Simple means you can debug the thing, if you use an ORM with an SQL, what are you going to replay from which log?

Most programmers will disagree with me, and just use a third party service with guaranteed up time.

But, the key-value store in the browser, and Desktop Applications based on Web Browsers as the case with Electron is.

Show that, there is a more responsible way to deploy your application, don’t put everything on servers.

Let them download to their desktop, or browser, or install a browser extension, or all of the above.

In this case, a simple key value store is a wise idea.

That comes with no monthly bills, and your user can save data in a simple JSON format.


As to the Application Layer, that needs to be described by you, but written by AI.

As AI improves, this will become the wiser way of building, because if you want to change or upgrade something.

You just re-write the requirements document, that you feed to the AI.

As AI improves, no only do you get your features, but also more advanced version of your program.

In the begiing, you can actually ask AI, how to structure the application and ensure flat Objects without inheritance.


You should know that your application, is just objects, and to do something with it, you say.

Application.Commander.Command(‘echo’, ‘Hello World’); this is just the brain.

On top of this, you start a new project, and think of it as a remote UI that connects to the brain.

So remote, that you can have multiple Uis, talking with the brain.

The application I am working on right now, has both a data synchronization simulation and feature testing system.

Behave like remote user interfaces, that – remotely – connect to the brain.


Please learn good ideas from frameworks, but don't use them in important projects.

Your final user interface, should use WebComponents, and rely heavily on simple Signals, Signals are reactive variables.

You set a value through x.value = 7, and listen to changes via unsubscribeFunction = x.subscribe(v=>console.log(v))

They flatten your user interface needs, when your your WebComponent is removed, you just call all the unsubscribeFunctions, and clear the memory.


The WebComponents you create, are likely ApplicationComponent, SceneComponent, ToolBoxComponent.

They are closely related to the Brain, but their purpose is to visualize it, and let the user execute commands.


Finally, the commander and commands, are useful for a neat little command line, and command output.

But their real purpose, is the UNDO/REDO system, like data synchronization, this is not something you can escape from.

But it is easy, you just give your Commander a History that keeps a list, of all the commands you executed.

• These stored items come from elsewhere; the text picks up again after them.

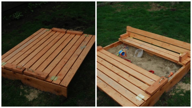 Your kids can play in this sandbox and then close it to sit and sunbathe on it.
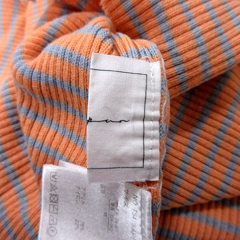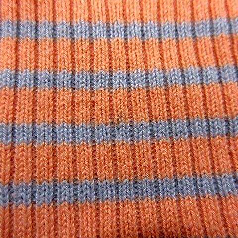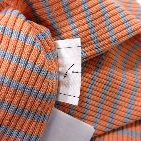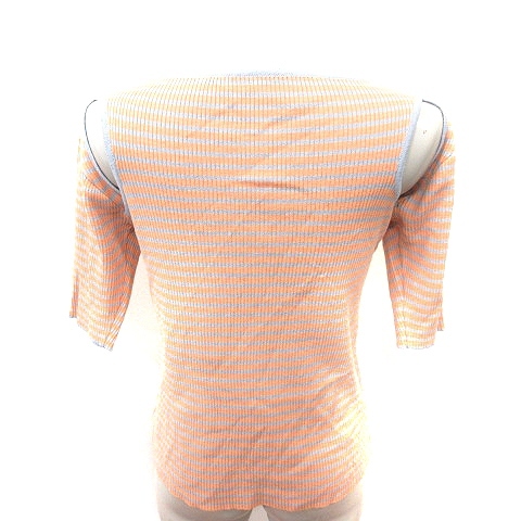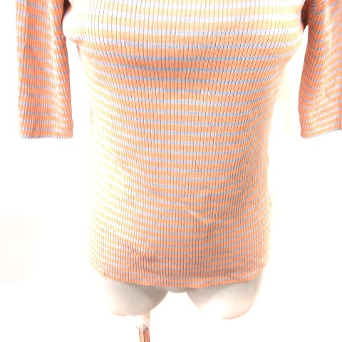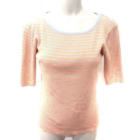 フェピュール feepur ニット カットソー Uネック 五分袖 ボーダー M オレンジ /RT レディース
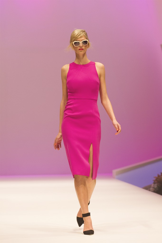 Yeojin Bae’s summer offering opened with a selection of hot pink dresses. A colour traditionally associated with overt femininity, Bae has reworked pink into highly structured, form fitting cocktail wear giving the colour a much needed edge. The collected had a somewhat ‘office to cocktail hour’ sensibility; hemlines were dropped to the knee, necks were high and shoulders were bare. The range featured a number of Spring Carnival appropriate LBDs; an item with which one can never go wrong. Despite the architectural cuts of the range; Bae’s summer collection is still frivolous; when the wearer walks, splits in the garments move with the body revealing pops of colour in the lining of simple black garments.
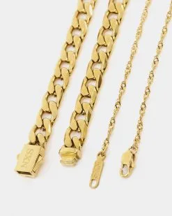 A match made for you, the Diamond Cut Double Chains feature two stunning chains. The larger diamond cut curb chain finishes with a jump ring clasp to lock it in place, while the smaller twist chain has a lobster clasp. Tarnish free and waterproof for lasting wear, secure yours today.

But, you must think of them as events, events in your application, when a command is executed, you add an event to your Commander History.

Here is the crazy thing, and event, does not just store the command you executed, it also stores the command you need to execute to undo the change it represents.

And event has an UNDO COMMAND, and a REDO COMMAND, redo is for going back, because the user went too far.

So redo is the main command the user executed, undo is its opposite, the you have to program into your Commander. You need an opposites creator.

And the way you move up and down history, is by an event popery called active.

So if you just deleted a file, you store that command under redo, you store a re-create deleted file under undo, and set event as active.

If the user wants to go back in history, Ctrl-Z sets active as false, which triggers the undo that creates the file again.

And if they decide that they really wanted to delete the file, and press Shift-Ctrl-Z, you set active as true again.

Which now runs the redo, where we stored the original delete, and yet again we delete the file.


The AI will both explain it in more detail, and write a first version of whatever your application is about.

This kind of text is how you get started, we divided your Project into Server, Application/Brain, and User Interface.

You can now approach each of these separately, and write a first draft requirement document for whichever one interest you the most.

With the aid of AI, you can now engineer applications while learning programming.